Records provided Block Start
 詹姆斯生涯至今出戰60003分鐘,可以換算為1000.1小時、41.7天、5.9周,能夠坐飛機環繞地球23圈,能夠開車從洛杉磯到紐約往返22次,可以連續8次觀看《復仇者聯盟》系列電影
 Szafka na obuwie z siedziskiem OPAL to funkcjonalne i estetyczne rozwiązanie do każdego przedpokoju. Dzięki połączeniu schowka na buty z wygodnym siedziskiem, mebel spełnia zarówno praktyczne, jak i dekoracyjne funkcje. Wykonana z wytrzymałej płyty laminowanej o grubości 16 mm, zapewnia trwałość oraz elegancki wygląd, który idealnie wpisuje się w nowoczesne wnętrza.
Records provided Block End
Records provided Block Start
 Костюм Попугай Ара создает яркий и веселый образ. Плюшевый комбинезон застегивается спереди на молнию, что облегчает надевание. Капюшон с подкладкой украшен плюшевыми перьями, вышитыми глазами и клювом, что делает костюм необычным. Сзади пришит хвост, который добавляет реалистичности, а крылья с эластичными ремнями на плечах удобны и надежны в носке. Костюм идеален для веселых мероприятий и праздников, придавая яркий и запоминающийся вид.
Records provided Block End
■ Exercise requirements ■
Copy the stretch of the records above that runs from the line with "詹姆斯生涯至今出戰60003" through the line with "Szafka na obuwie". Both end lines belong in the copy, and nothing else does.

■ Response to this task ■
 詹姆斯生涯至今出戰60003分鐘,可以換算為1000.1小時、41.7天、5.9周,能夠坐飛機環繞地球23圈,能夠開車從洛杉磯到紐約往返22次,可以連續8次觀看《復仇者聯盟》系列電影
 Szafka na obuwie z siedziskiem OPAL to funkcjonalne i estetyczne rozwiązanie do każdego przedpokoju. Dzięki połączeniu schowka na buty z wygodnym siedziskiem, mebel spełnia zarówno praktyczne, jak i dekoracyjne funkcje. Wykonana z wytrzymałej płyty laminowanej o grubości 16 mm, zapewnia trwałość oraz elegancki wygląd, który idealnie wpisuje się w nowoczesne wnętrza.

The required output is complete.